On Mon, Mar 07, 2005 at 12:18:03PM -0800, David M. Fetter wrote:

David,

> Restarting AMD while it is in use is a serious problem.

restarting AMD is usually not a problem. You should use
the restart_mounts option or you have to clean up the
mounts yourself. You should not use the unmount_on_exit
option because unmounting might not work if a filesystem
is busy.

> Since amd has
> low level hooks into kernel space, if users or processes happen to be
> using an area that is automounted via AMD and it restarts on them, it
> basically can cause the entire server to come to a crashing halt.

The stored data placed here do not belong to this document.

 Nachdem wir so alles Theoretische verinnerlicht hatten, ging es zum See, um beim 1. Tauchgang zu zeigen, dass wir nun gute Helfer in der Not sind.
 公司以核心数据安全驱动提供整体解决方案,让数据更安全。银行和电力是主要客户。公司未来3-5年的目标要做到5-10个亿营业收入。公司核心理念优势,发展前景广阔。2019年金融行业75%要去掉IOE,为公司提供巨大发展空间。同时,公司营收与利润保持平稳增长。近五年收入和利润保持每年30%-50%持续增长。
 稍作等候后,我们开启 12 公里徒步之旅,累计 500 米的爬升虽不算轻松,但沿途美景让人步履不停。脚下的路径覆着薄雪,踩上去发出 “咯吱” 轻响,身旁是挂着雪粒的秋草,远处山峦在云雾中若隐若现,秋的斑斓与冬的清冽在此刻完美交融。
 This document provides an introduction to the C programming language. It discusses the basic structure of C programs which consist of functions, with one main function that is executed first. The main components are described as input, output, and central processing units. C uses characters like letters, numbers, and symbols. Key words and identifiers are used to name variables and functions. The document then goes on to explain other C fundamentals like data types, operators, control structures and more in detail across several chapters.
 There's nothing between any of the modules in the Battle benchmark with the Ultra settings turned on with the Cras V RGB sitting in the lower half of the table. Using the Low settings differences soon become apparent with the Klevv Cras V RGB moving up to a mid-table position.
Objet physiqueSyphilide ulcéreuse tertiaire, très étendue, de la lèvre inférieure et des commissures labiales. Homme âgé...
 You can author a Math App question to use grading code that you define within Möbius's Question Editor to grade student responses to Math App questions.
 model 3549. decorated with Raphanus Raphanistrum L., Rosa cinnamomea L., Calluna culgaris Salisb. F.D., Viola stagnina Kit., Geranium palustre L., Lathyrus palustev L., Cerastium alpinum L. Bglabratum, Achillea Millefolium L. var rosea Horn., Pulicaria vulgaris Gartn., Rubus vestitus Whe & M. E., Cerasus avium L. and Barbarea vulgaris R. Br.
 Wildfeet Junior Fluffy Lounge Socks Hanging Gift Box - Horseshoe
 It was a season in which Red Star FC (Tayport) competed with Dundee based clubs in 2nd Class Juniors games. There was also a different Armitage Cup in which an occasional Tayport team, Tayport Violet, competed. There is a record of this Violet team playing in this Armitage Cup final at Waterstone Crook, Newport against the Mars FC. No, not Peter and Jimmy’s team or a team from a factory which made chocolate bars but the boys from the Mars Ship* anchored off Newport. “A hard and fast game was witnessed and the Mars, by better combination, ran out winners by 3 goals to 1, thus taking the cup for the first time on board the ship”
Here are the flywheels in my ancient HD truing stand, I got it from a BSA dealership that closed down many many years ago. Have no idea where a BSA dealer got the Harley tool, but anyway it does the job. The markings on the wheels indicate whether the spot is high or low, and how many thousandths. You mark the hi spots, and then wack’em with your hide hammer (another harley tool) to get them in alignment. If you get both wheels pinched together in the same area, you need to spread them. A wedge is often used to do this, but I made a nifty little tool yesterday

Areas that are automounted are conventional mounts that are not
affected by AMD. AMD just provides links and, unlike autofs,
doesn't hook into kernel space.

More of a problem are NFS servers that do not respond. This may
freeze amd when it tries to unmount such a server and often causes
large delays when it tries to restart an existing mount to
such a server. If you automount /home or use an automounted
directory accessed in the shell profile you may not be able
to log into the server anymore.

If your entire server comes to a crashing halt then something else
is wrong.

Greetings,
-- 
                                Michael van Elst
Internet: [EMAIL PROTECTED]
                                "A potential Snark may lurk in every tree."